I was just thinking, hmm its been a month since I blogged...so what's happened in the last month? Short answer, a ton of little things oh and some big things too. Details to come.
Second, I've been trying to eat better lately. No that doesn't mean how most people mean "eating better." Like eating more vegetables and less donuts...(rolling my eyes to myself) It means being better at eating. Period. No I am not a closet anorexic. Mostly, I just don't make meals. Tom's only home for dinner once a week, TWICE maybbbeee once a month. Anyway, I've been terrible about BUYING food for me. It's just freakin expensive to buy for two ppl with 2 different diets. -Not that Tom is opposed to eating like me, its simply way cheaper to cook for ppl like him. Anyway- I haven't been starving myself out of martyrdom (some times sure) most of the time nothing sounds good and even sounds gross so I don't eat. I don't eat until I'm literally having a diabetic freak-out and Tom uses his "I'm taking charge" voice and brings me home a hamburger without buns whether or not I want to eat it. I feel like a have a few issues I need to figure out.
#1. Learn new recipes! Tom's urged me to sign up for a daily meal plan/grocery list thing that caters to any diet but when I've looked at examples I get turned off. Ginger....Cumin...Peanut sauce...NOT IN THIS MOUTH, Thank you very much! lol Really, I think I could still find some great recipes despite.

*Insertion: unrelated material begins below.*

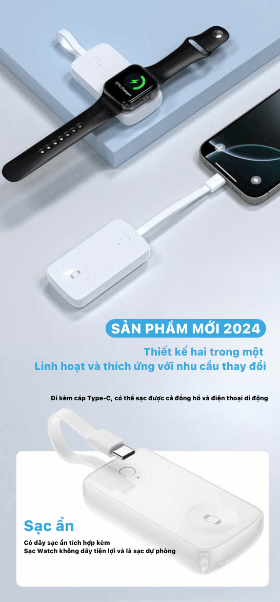 - Sạc đa năng 2 trong 1: Sản phẩm tích hợp khả năng sạc cho đồng hồ thông minh và thiết bị khác qua cổng Type-C, đảm bảo sự tiện lợi trong việc sạc đa thiết bị cùng lúc.
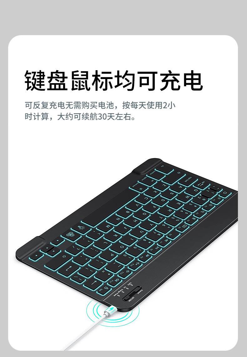[Qingshan Dai] Tablet Protective Cover 7 Colored Lights Light Keyboard and Mouse

#2. I don't like eating my own food. Anyone else have this weird issue? Pretty sure this is all in my head! Once, years ago at Bek's I was visiting and we were talking about just that and we decided to make each other's sandwiches because we didn't like how ours normally tasted and sure enough- the same ingredients but different hands produced sandwiches we thought were the best ever! I still remember that turkey sandwich..."mmhmmm turkey sandwich aaarruuuggg" -Homer Simpson At the same time I was over at a friends house for dinner and I couldn't eat enough sugar-free jello! (Thank you Kristen =) I mean it was jello and I thought it was the best thing in the world. I've told Tom that when we are "rich" i.e., able to blow money like no biggy...so like when we're 115, I REALLY want to eat out all the time! I KNOW I'd be getting awesome nutrition. Gosh just thinking about salad and soups and steak and more meat and more salad and YES I want extra Bleu Cheese dressing, thank you very much, please leave the bucket oh and I need a refill! (By then it will only be water, I'll have kicked my diet dp addiction....fine I won't lie no I wouldn't have).

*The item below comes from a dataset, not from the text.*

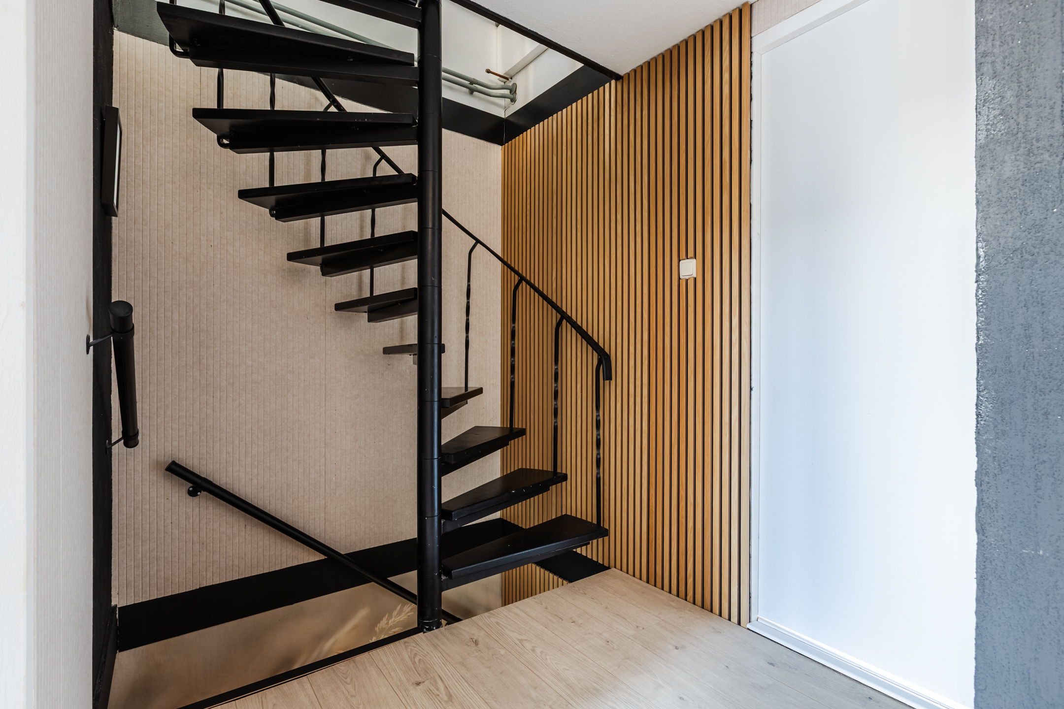 The finish is very neat, with a tiled floor and underfloor heating. The staircase to the first floor is concealed behind an access door with a small hall.

#3. Drinking water- still working on it- stop pushing me people! lol It's annoying but I'm pushing myself. I've had 2 glasses today, that's 1 more than I usually drink in 2 days!
Benny-Booper: He's awesome and better than ever. He has these surges of testosterone throughout the day, right after his nap and again from 4-bedtime where he is in destruction mode, ramming his toys into the walls into each other. I'm actually afraid he's going to break the sliding glass door b/c he gets so rough. I don't mind his moments of male-ness I just worry about him going thru GLASS! Little Super Man.
It's fun to go into nursery after I finish singing time in primary to do singing time in nursery. Ben loves the songs. There's one that makes him laugh and laugh but I can't sing it anymore because it makes another little boy cry- its a silly alligator song where the alligator eats monkeys who are teasing him. hmm maybe it is disturbing. haha it's not meant to be scary and I think I extra like it because monkeys die- I don't like monkeys.
Tom: Tom is Tom! I was talking to someone the other day and they said oh did you get to go on a date then? And I was like ah no? The last time we went on a date was dinner for my birthday- if Ben was with us does that count as a date? Otherwise our last date was in November. Our anniversary is coming up so we'll do something just us. At the moment I feel okay about the loneliness but for now I'm letting my meds do there purpose! Anyway- he's enjoying a much easier semester and doing fantastically. He's perfect. I'm sorry to be gushy-annoying, he's not only perfect for me but I really hope I don't die young (for many reasons) but mostly he'd be snatched up so fast. He's the whole package. Biggest Attribute HAS the Patience of a SAINT ESPECIALLY during the wrath of a pms-ing woman. Biggest Fault -loves watching James Bond (once a semester).